-- ENTRIES SHOWN --
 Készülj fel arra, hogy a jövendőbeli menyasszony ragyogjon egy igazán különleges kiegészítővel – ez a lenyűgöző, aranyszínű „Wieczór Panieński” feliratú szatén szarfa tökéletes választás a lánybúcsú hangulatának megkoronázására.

--

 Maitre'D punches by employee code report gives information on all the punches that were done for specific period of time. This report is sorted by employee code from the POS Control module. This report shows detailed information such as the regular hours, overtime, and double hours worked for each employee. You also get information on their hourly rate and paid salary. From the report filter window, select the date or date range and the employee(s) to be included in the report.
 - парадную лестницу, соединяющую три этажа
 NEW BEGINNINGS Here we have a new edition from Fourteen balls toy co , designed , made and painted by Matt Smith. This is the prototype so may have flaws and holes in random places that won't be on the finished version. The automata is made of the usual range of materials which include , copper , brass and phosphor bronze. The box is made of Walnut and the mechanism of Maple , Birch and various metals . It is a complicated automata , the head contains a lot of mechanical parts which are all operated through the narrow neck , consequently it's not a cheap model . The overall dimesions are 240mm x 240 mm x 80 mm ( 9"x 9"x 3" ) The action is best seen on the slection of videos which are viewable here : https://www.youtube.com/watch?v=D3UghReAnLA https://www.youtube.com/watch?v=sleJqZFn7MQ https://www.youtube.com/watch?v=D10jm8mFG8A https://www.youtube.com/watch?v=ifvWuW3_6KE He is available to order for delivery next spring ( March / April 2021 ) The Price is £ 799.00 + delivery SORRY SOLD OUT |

-- EXERCISE DETAILS --
Everything above from the line containing "Maitre'D punches by" through the line containing "- парадную лестницу, соединяющую три этажа" must be copied exactly. Nothing outside that range belongs in the answer.

-- THE ANSWER --
 Maitre'D punches by employee code report gives information on all the punches that were done for specific period of time. This report is sorted by employee code from the POS Control module. This report shows detailed information such as the regular hours, overtime, and double hours worked for each employee. You also get information on their hourly rate and paid salary. From the report filter window, select the date or date range and the employee(s) to be included in the report.
 - парадную лестницу, соединяющую три этажа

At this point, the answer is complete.